Preview For The January 2024 US Jobs Report
Headline nonfarm payrolls are seen rising +180k in January, a touch below the +216k pace seen in December, but a touch above the 3-month average of job gains, which currently stands at +165k, its lowest level since the beginning of 2021.
The recent form guide suggests risks to that consensus figure are tilted to the upside, with headline payrolls growth having beaten expectations on four of the last five occasions; of course, the usual caveat of past performance not being a reliable indicator of future results must apply.
Reassuringly, leading indicators also reinforce the idea that risks are to the upside, with initial jobless claims having fallen to a more than 2-year low in the survey week, while continuing jobless claims remained just north of 1.8mln in the same week, a decline of around 500k from the December survey period.
Due to the timing of this month’s jobs report, other leading indicators are yet to be released. The latest ISM manufacturing survey is due on Thursday, while the comparable services report won’t drop until after the jobs number has been released. As always, the ADP employment figure can be safely ignored, with that dataset continuing to demonstrate a negative correlation with the headline payrolls print.

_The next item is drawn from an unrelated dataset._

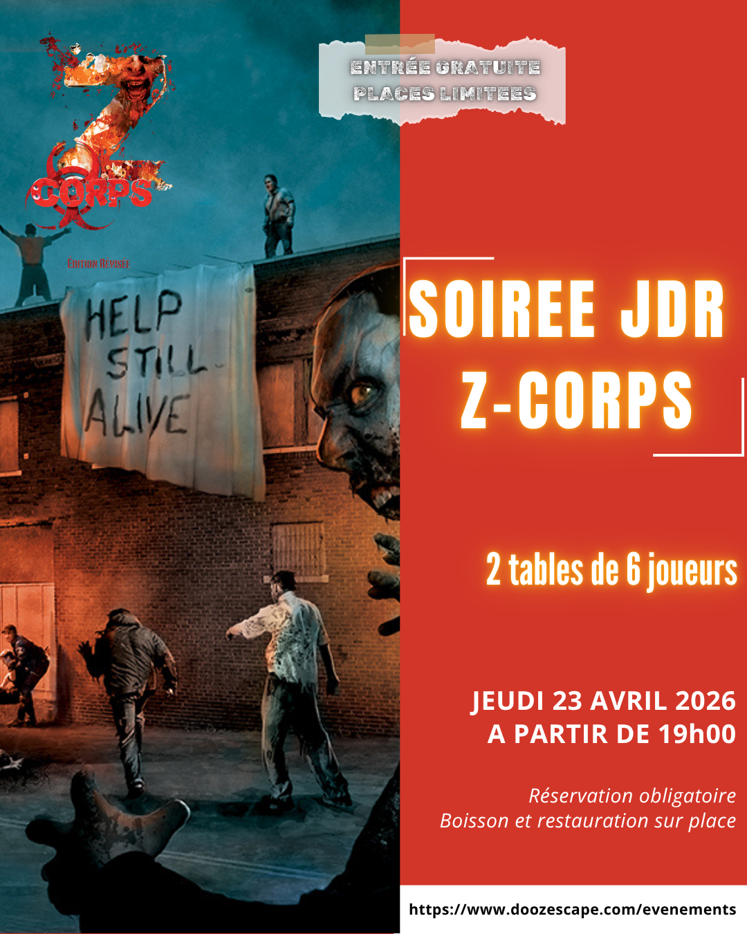 Le Malleus Maleficarum vous propose une soirée d’initiation à Z-Corps, un jeu de rôle où tension, survie, entraide et chaos font rarement bon ménage… mais toujours de très bons souvenirs de table.

There are, however, a couple of other things worth bearing in mind with the NFP print. Firstly, during the January survey week, the US endured a record cold snap, with wintry weather and heavy snowfall being experienced across much of the country, and temperatures dropping as low as -45°C. This is likely to have had a detrimental impact, at the margin, on headline payrolls growth, if weather left some unable to work, while also likely further denting already diminishing survey response rates.
The other notable aspect of the January jobs report will be the annual benchmark revisions. This is usual practice for the BLS and, while unlikely to be market-moving, will provide additional clarity on the ‘true’ scale of job creation seen in 2023, though the average annual revision is typically within 0.1% of the previously stated figure. On the subject of revisions, though, the annual CPI revision next Friday is likely of much more importance to markets, and the FOMC.
As always, it will not only be the headline payrolls print that markets watch closely, with various gauges of labour market slack of equal importance. Unemployment is set to have risen by 0.1pp to 3.8% in January; while this would represent a 3-month high, such a print would still leave the U-3 rate at levels which, by and large, imply an economy at ‘full employment’.
Such a rise in unemployment should also be of relatively little concern when viewed in conjunction with the participation rate. Consensus sees labour force participation rebounding to 62.6%, recovering a touch from the slump seen over the festive period, which represented the biggest one-month decline since the height of the pandemic. Rising participation would imply that a higher unemployment rate is being driven by people returning to the labour force to seek work, rather than by an increase in workers being laid off – hence, perhaps counter-intuitively, this would likely be viewed as a positive in policymaking circles.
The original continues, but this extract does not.